Xiaomi tests the Taiwan market with a HK$1407 smartphone

The Hongmi smartphone will go on sale in Taiwan in early December

Chinese mobile company Xiaomi has already courted considerable success on the mainland with its budget smartphones, but the three-year-old company is also planning to make inroads in the Taiwan market with the launch of its Hongmi phone.

The Xiaomi Hongmi, cheapest of the company’s new phone line, will be sold in Taiwan starting on December 9 for NT$3,999 (HK$1,047), similar to its mainland price point of 799 yuan (HK$1,016).

Despite lacking the computing power of other smartphones, the Hongmi’s cheap price point has already drawn attention from money-conscious Taiwanese buyers, and the company has generated further enthusiasm by unveiling a Facebook promotional campaign to send out 10,000 early-bird reservation numbers to shoppers who wish to purchase the device on day one of its release.

“The price is just too good,” one Facebook user wrote. “Barely NT$4,000? It’s almost an exaggeration.”

Others on Xiaomi’s Facebook page, which has attracted over 50,000 likes, echoed these remarks, praising the company’s phones for “having value completely off the charts.”

The low price of Xiaomi’s phones has already boosted sales in the mainland market, where the success of the Hongmi and Xiaomi’s other recent reveal – the 1,999 yuan (HK$2,543) Mi-3 – helped the company become the second-largest Android phone seller in the third quarter of 2013, losing only to Korean company Samsung.

Whether or not Xiaomi will be able to replicate that success in the Taiwanese market, which still largely prefers Samsung and Apple products, is a matter of time.

The company has already encountered some success since it began selling its phones in Taiwan six months ago through a pairing with the island’s third largest mobile carrier, Far EasTone Telecommunications.
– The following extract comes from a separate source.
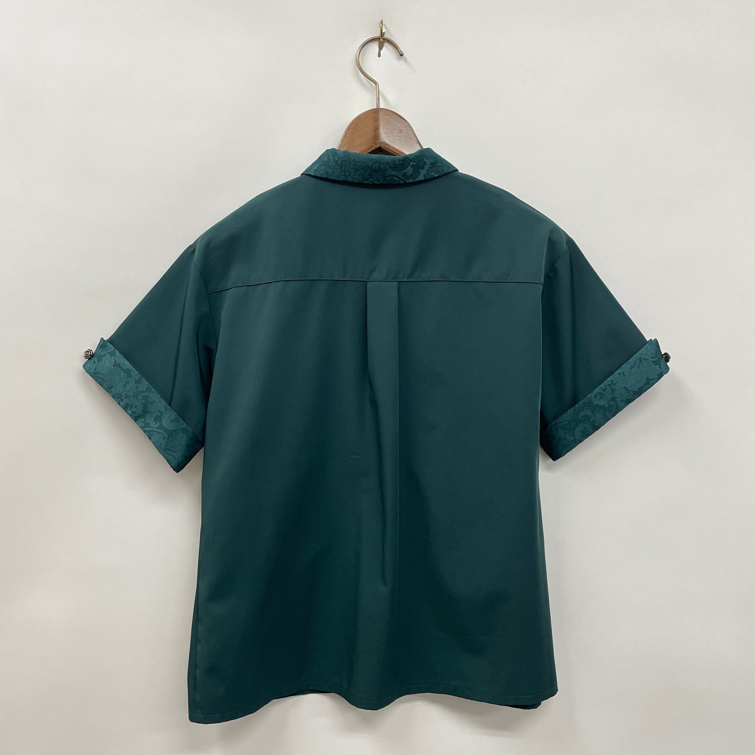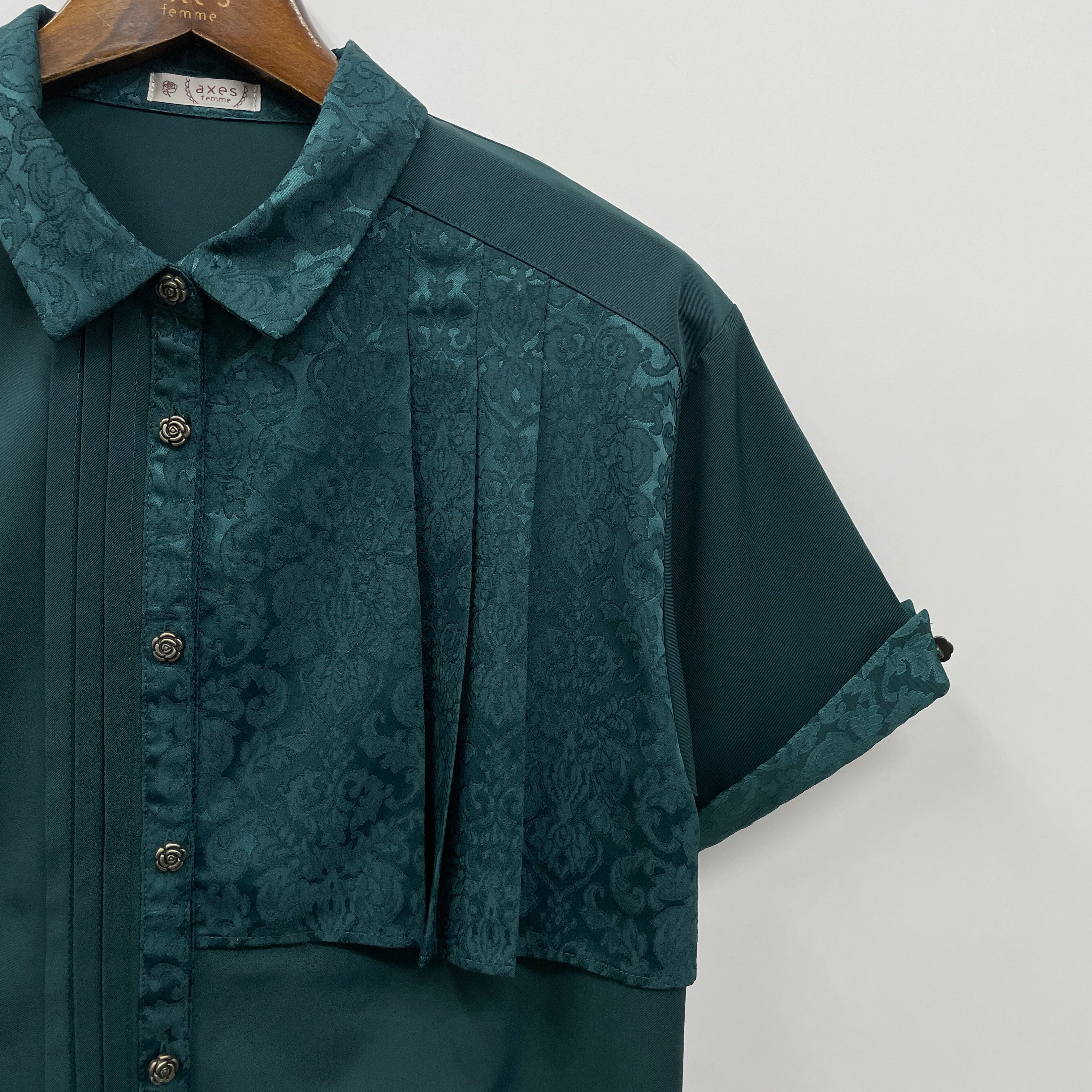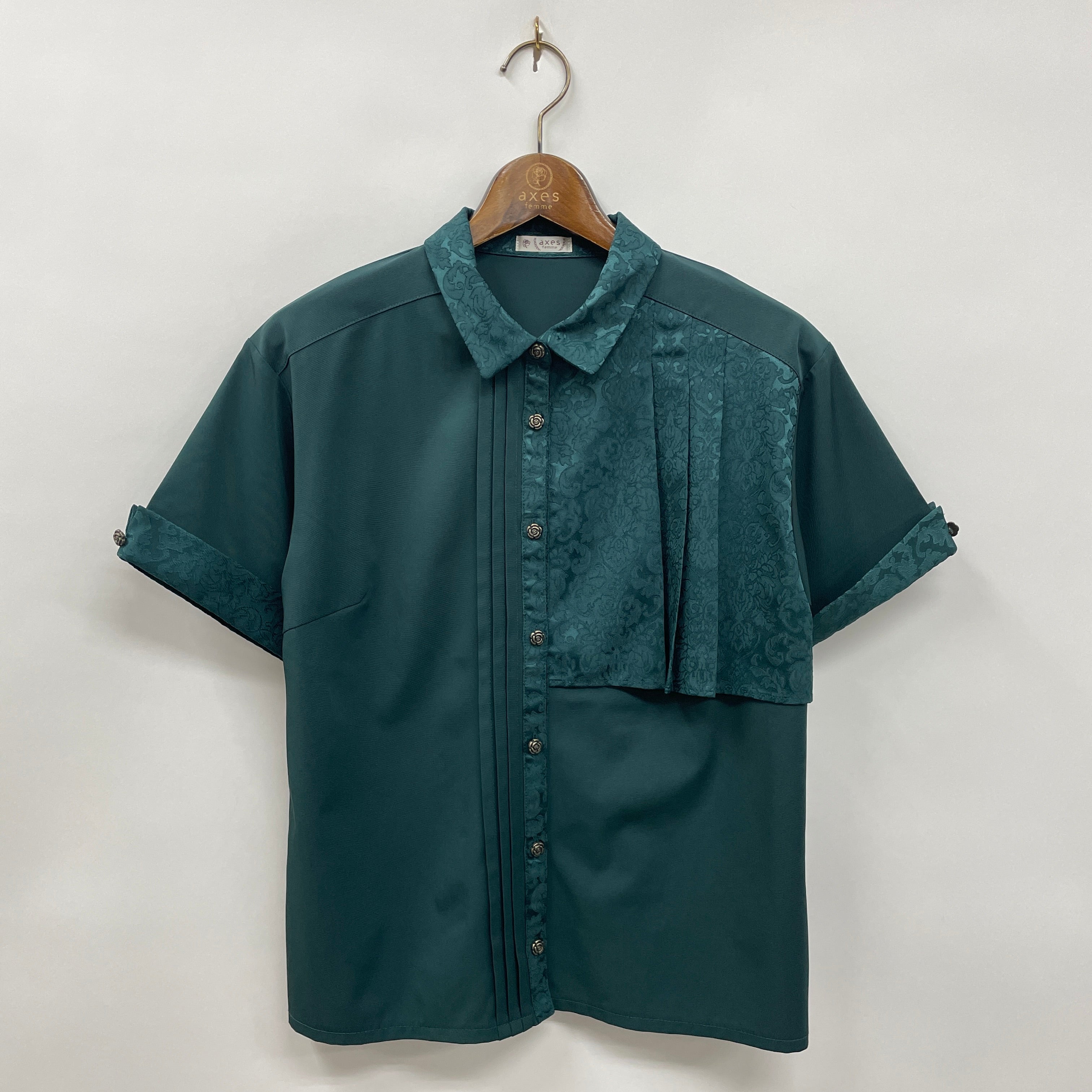 セットアップ風に着こなせるジャカード切り替えのシャツ。

Advertised as fast and cheap, Xiaomi phones have sold in Taipei retail outlets at a pace a Far EasTone spokesperson previously described to the Post as “feverish”. 

The adoption of Xiaomi phones in Taiwan is yet another blow to the island’s former homegrown favourite, HTC. Once favoured by many Taiwan and international consumers three years ago, plummeting sales caused HTC to fall off of a list of the world’s top ten smartphone makers in the first quarter of 2013, according to data provided by technology analysis firm Gartner Inc.

Xiaomi has already outperformed HTC to take the fifth spot in the overall China smartphone market, right behind Samsung, Apple, Nokia and Huawei, analyst research by Want China Times reported.